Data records
::::
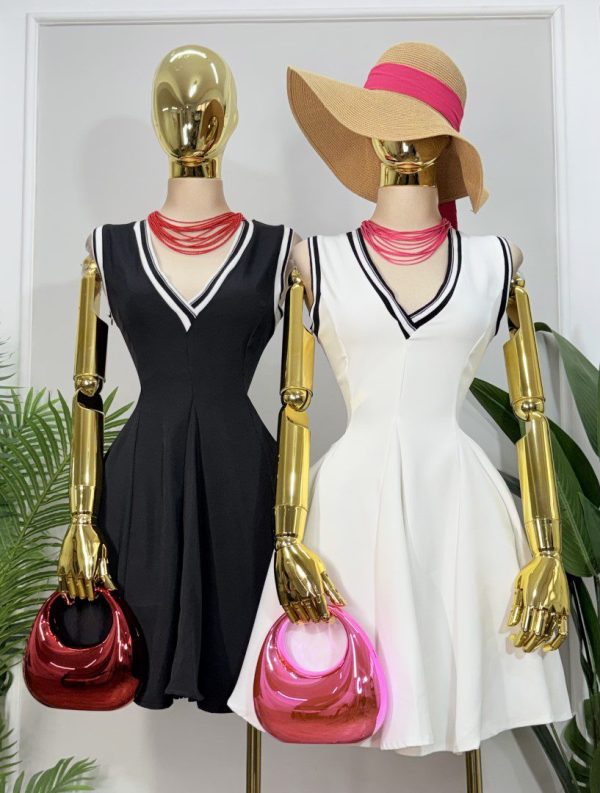 Vestido coto sin mangas con escote V ribeteado en contraste que le da un toque Sporty Chic moderno. Confeccionado en tela gruesa y fresca. Diseño entallado en cintura y pinzas que dan vuelo a la parte inferior del vestido y que estiliza la silueta. Cierre lateral. Bolsillos laterales funcionales.
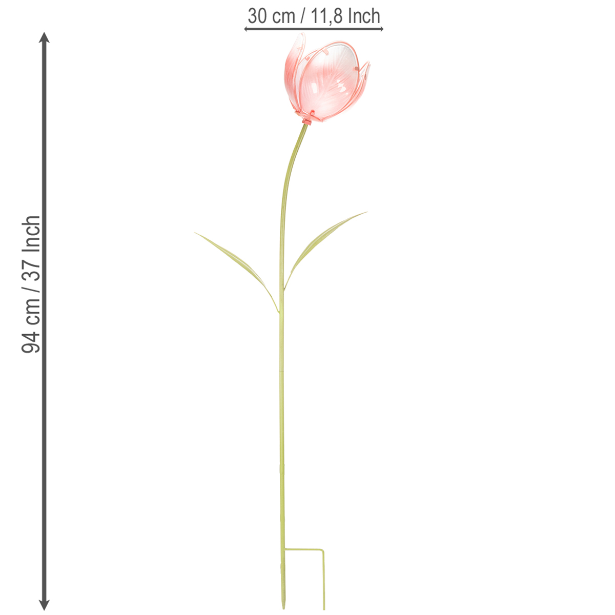 Hľadáte očarujúci ústredný bod pre váš kvetinový záhon alebo terasu? Potom sa pozrite na náš záhradný kôl v tvare krásneho tulipánu! Tento záhradný kôl s výškou 94 cm a veľkým ružovým skleneným kvetom okamžite vnesie eleganciu a farbu do vašich vonkajších priestorov. Je ideálny na vdýchnutie života kvetinovým záhonom alebo dodanie farebného nádychu balkónovým záhradám! Či už je váš štýl rustikálny, moderný alebo romantický – táto dekoratívna kvetina sa hodí kamkoľvek. Ručne vyrobený vzhľad z vysoko kvalitných materiálov ho robí nielen odolným voči poveternostným vplyvom, ale aj dlhotrvajúcim doplnkom, ktorý dodá vašej záhrade niečo výnimočné. Máte chuť na malú zmenu štýlu vo vašej záhrade? Vyskúšajte to!
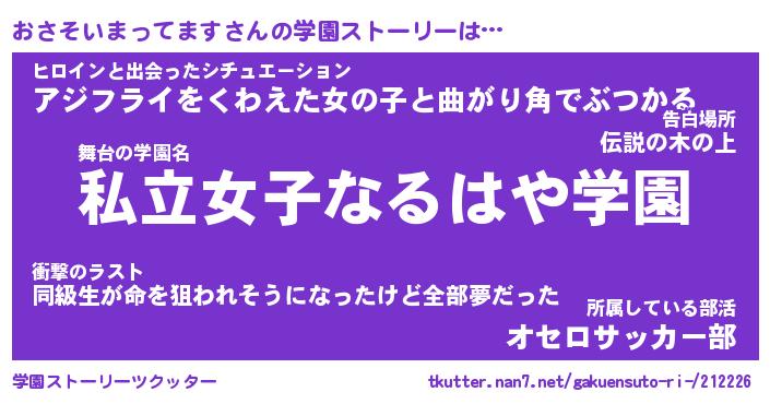 | 告白場所 先生の家の上 …「ふぃぎゅこ」 | 2月17日 06:24 |
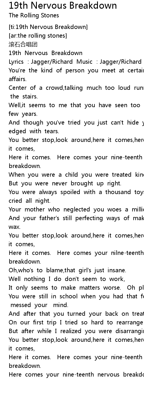 | [02:19.908] | Here it comes. Here comes your nineteenth nervous breakdown. |
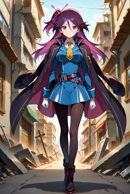 ファイアモスブルーユニフォーム: 青コート、白インナー、黄色ネクタイ、黒ジャケット、肩にかけたジャケット、黒パンツストッキング、マゼンタベルト、黒靴、アンクルブーツ、ロングスリーブ、白手袋
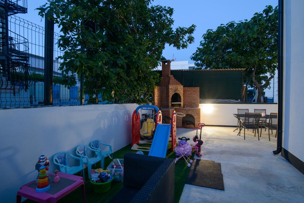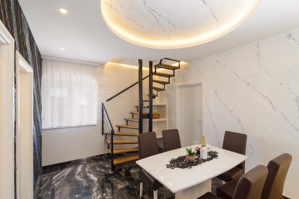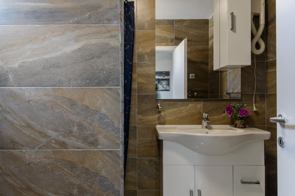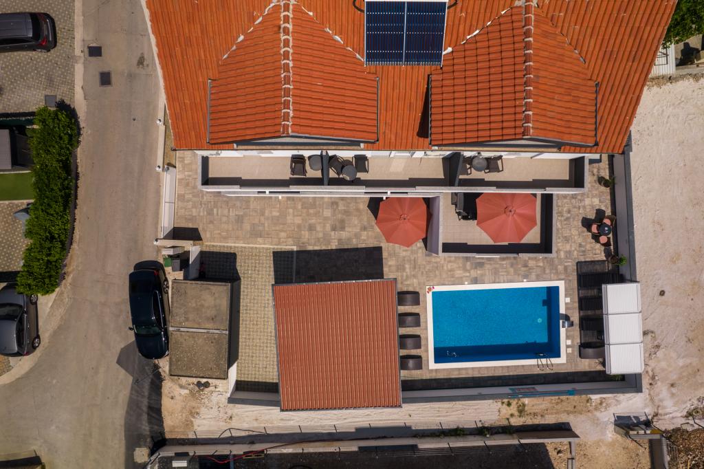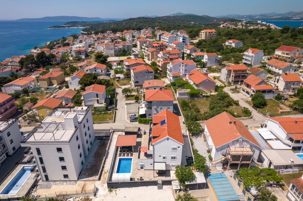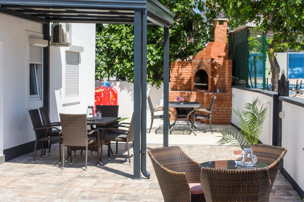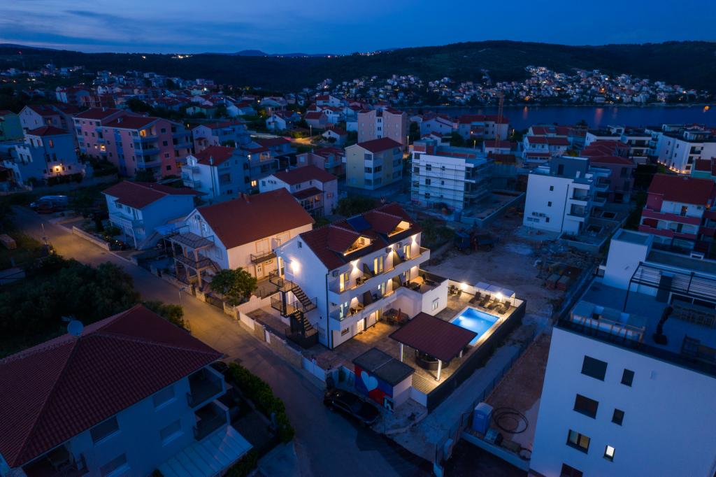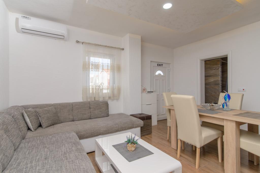Die Apartments befinden sich im neu ausgestatteten Villi ET A in der Stadt Okrug Gornji auf der Insel Ciovo, die mit der historischen Stadt Trogir verbunden ist. Komplett und neu ausgestattete Apartments im schönen Teil der Insel Ciovo. Nur 70 m vom Meer entfernt. Vor der Wohnung befindet sich ein Swimmingpool und ein großer Grill. Die Wohnungen enthalten alles, was Sie für einen Familienurlaub mit Kindern oder Freunden benötigen. Die Villa wurde im Jahr 2017 gebaut und enthält sieben Wohnungen, alle modern und für den Tourismus angepasst. Die Unterkunft liegt einen 10-minütigen Spaziergang vom Zentrum der Stadt entfernt, wo Sie finden: Krankenwagen, Apotheke, Post, verschiedene Marken, Getränke mit frischen Lebensmitteln, eine Reihe von Restaurants und Cafés und der berühmte Copacabana Strand. Und nur 3, 5 km vom Zentrum von Trogir können Sie mit dem Auto, Bus oder Boot fahren. Wir wünschen allen Gästen einen angenehmen und angenehmen Sommer.
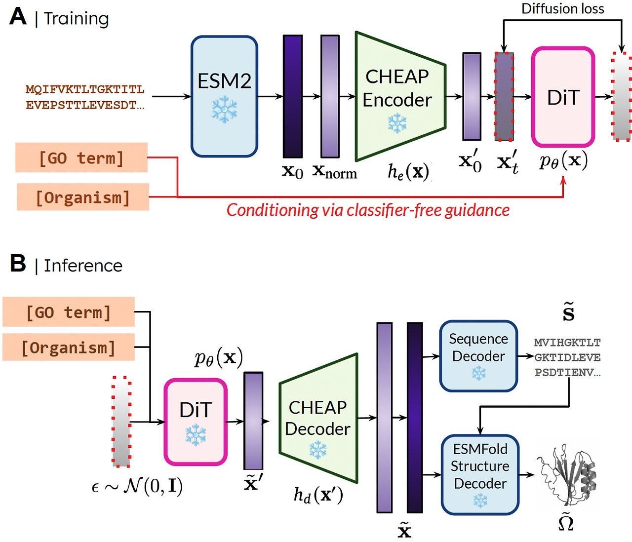 PLAID에서는 단백질 접힘 모델의 잠재 공간에서 샘플링을 학습하여 새로운 단백질을 생성하는 방법을 개발합니다. 구성 기능과 유기체 프롬프트를 수용할 수 있으며 구조 데이터베이스보다 2~4배 더 큰 서열 데이터베이스로 학습할 수 있습니다. 이전의 많은 단백질 구조 생성 모델과 달리 PLAID는 이산 서열과 연속적인 전체 원자 구조 좌표를 동시에 생성하는 멀티모달 공동 생성 문제 설정을 해결할 수 있습니다.
::::
Problem to work on:
Reproduce, without alteration and without pictures, only those lines that lie between the first line of the entries above and the line containing "2月17日 06:24 |", both of them included.

Output for this task:
 Vestido coto sin mangas con escote V ribeteado en contraste que le da un toque Sporty Chic moderno. Confeccionado en tela gruesa y fresca. Diseño entallado en cintura y pinzas que dan vuelo a la parte inferior del vestido y que estiliza la silueta. Cierre lateral. Bolsillos laterales funcionales.
 Hľadáte očarujúci ústredný bod pre váš kvetinový záhon alebo terasu? Potom sa pozrite na náš záhradný kôl v tvare krásneho tulipánu! Tento záhradný kôl s výškou 94 cm a veľkým ružovým skleneným kvetom okamžite vnesie eleganciu a farbu do vašich vonkajších priestorov. Je ideálny na vdýchnutie života kvetinovým záhonom alebo dodanie farebného nádychu balkónovým záhradám! Či už je váš štýl rustikálny, moderný alebo romantický – táto dekoratívna kvetina sa hodí kamkoľvek. Ručne vyrobený vzhľad z vysoko kvalitných materiálov ho robí nielen odolným voči poveternostným vplyvom, ale aj dlhotrvajúcim doplnkom, ktorý dodá vašej záhrade niečo výnimočné. Máte chuť na malú zmenu štýlu vo vašej záhrade? Vyskúšajte to!
 | 告白場所 先生の家の上 …「ふぃぎゅこ」 | 2月17日 06:24 |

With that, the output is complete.